■ **Supplied records**:
────────────────

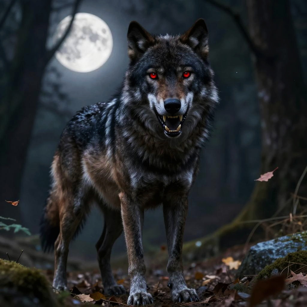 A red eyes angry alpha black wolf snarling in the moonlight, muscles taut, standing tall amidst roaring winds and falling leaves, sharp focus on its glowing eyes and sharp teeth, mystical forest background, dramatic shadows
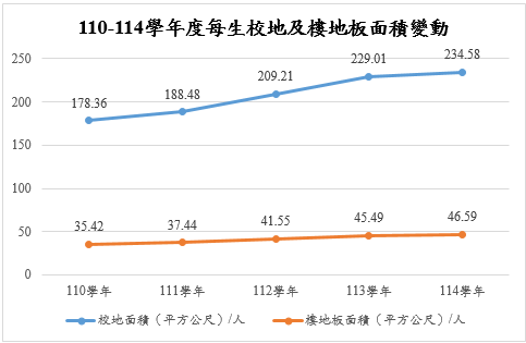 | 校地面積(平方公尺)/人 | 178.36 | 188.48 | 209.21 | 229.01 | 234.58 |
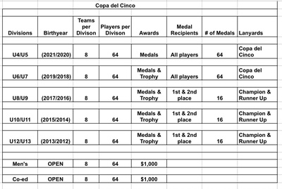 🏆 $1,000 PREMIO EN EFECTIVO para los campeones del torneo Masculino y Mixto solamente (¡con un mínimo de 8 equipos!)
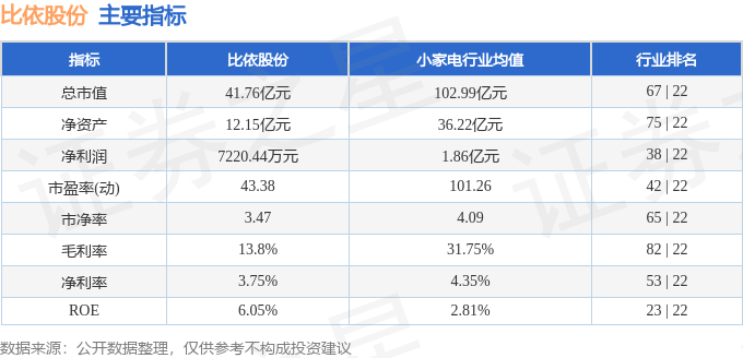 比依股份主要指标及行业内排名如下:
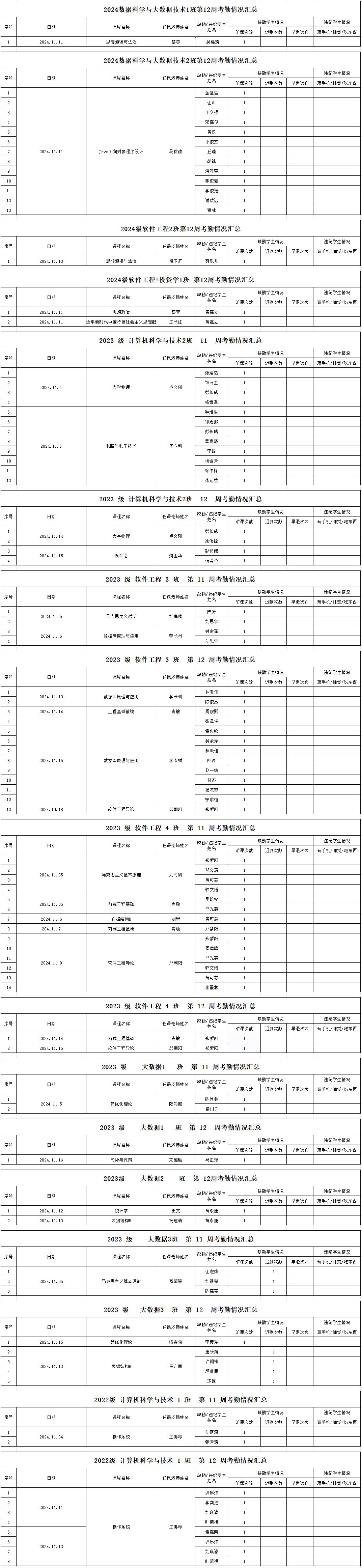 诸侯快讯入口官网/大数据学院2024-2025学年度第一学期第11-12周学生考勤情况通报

────────────────

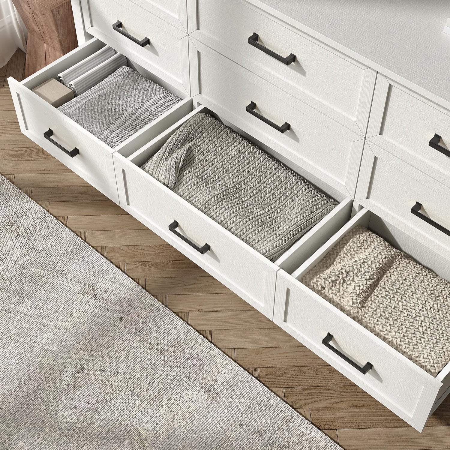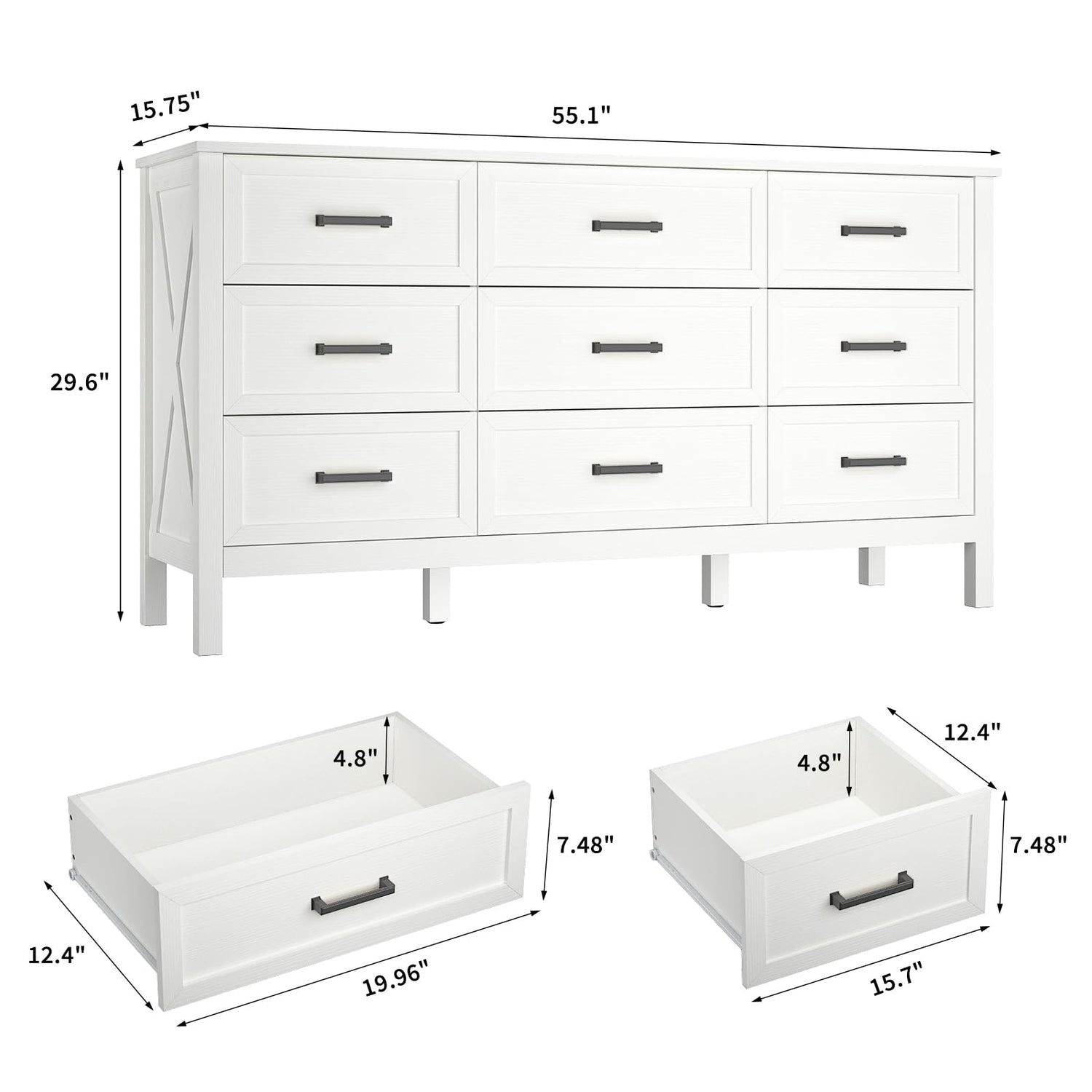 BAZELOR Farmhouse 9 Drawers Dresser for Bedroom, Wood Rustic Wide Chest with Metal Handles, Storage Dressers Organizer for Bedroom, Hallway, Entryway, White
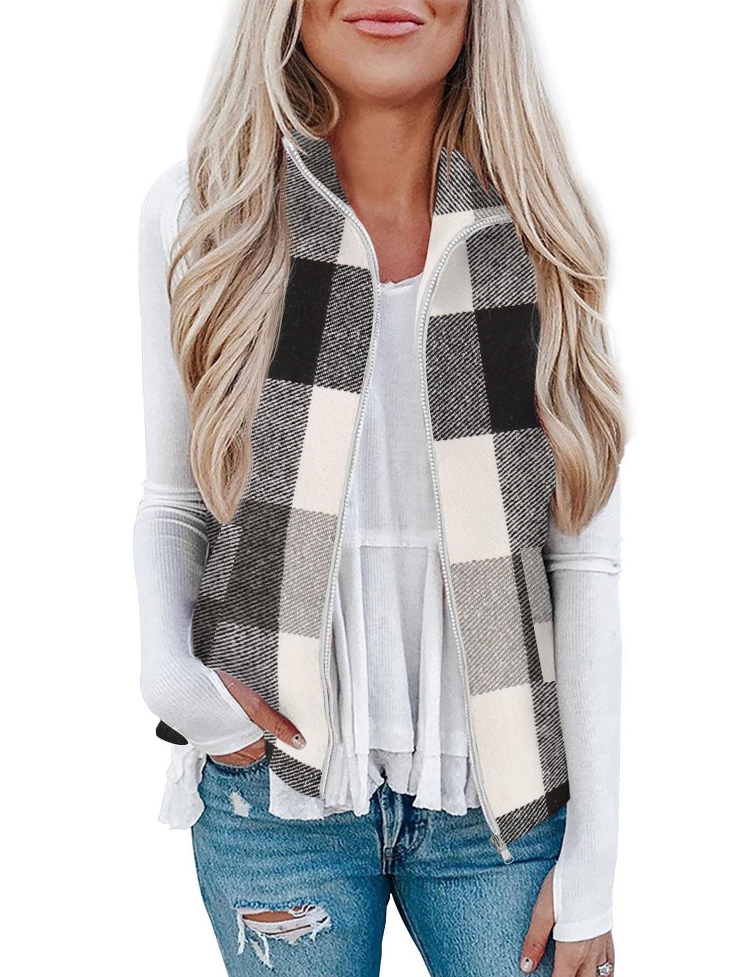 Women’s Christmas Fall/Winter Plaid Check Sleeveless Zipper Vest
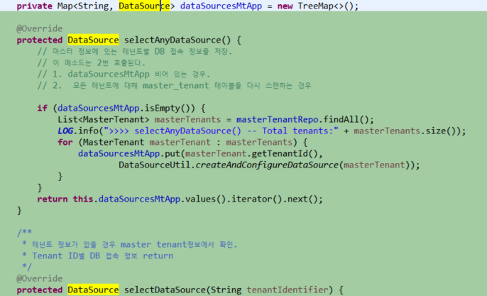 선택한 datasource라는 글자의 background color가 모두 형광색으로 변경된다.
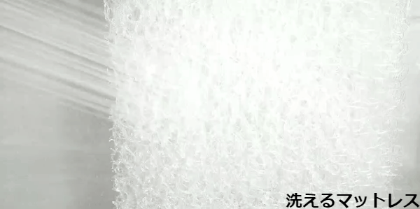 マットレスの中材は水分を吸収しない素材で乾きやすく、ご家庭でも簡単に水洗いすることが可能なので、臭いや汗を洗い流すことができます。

────────────────

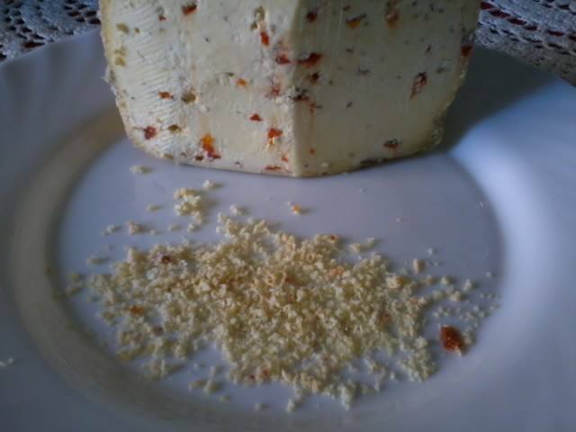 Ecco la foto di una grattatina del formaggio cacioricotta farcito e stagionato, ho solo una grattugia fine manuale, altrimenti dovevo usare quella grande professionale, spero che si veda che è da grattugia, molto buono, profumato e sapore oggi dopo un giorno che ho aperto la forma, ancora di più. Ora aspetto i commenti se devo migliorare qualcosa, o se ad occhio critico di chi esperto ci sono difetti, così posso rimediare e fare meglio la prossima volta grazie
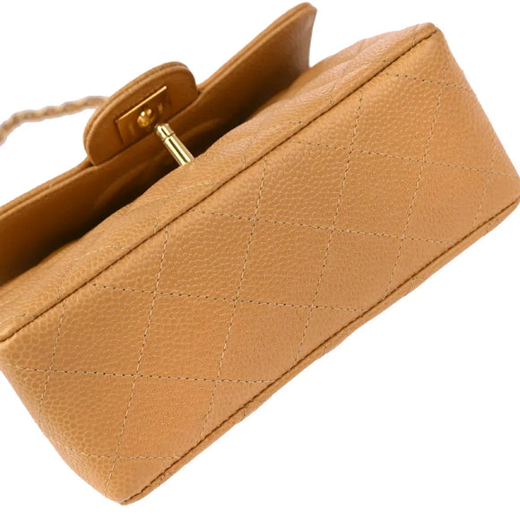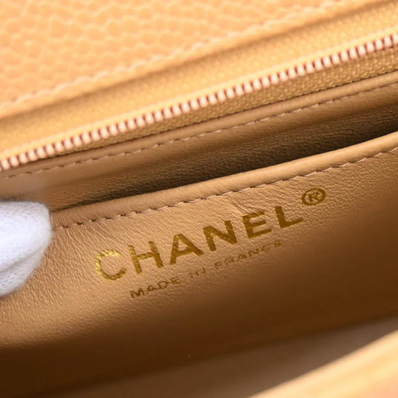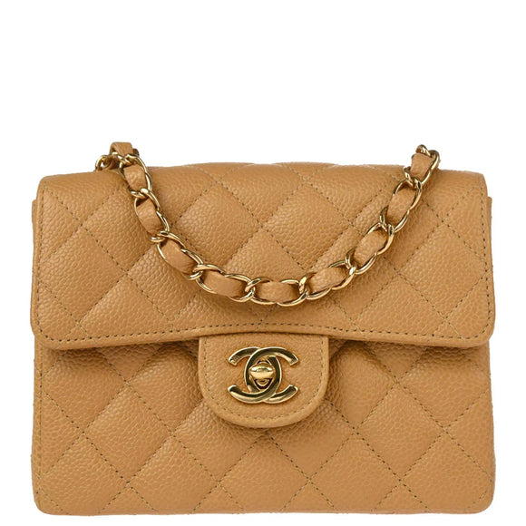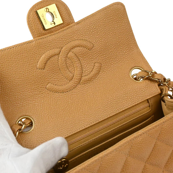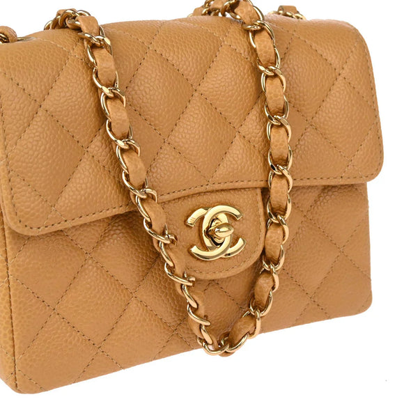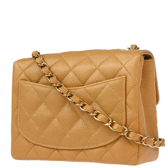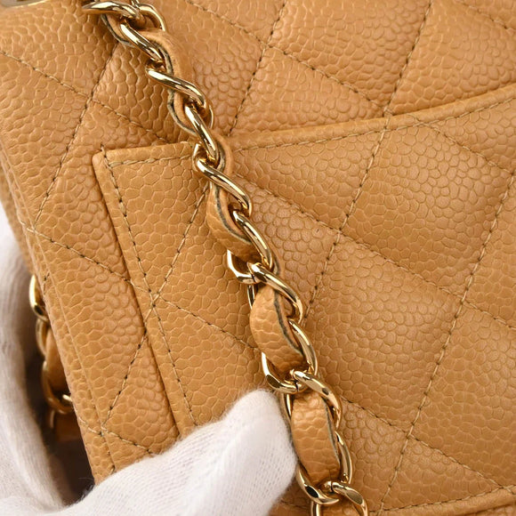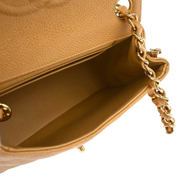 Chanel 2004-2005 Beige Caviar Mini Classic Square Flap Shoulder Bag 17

────────────────

■ **The task**: With the pictures omitted, copy exactly the lines of the listing above starting at the line containing "선택한 datasource라는 글자의" and ending at the line containing "マットレスの中材は水分を吸収", both included.

■ **Reply**:
 선택한 datasource라는 글자의 background color가 모두 형광색으로 변경된다.
 マットレスの中材は水分を吸収しない素材で乾きやすく、ご家庭でも簡単に水洗いすることが可能なので、臭いや汗を洗い流すことができます。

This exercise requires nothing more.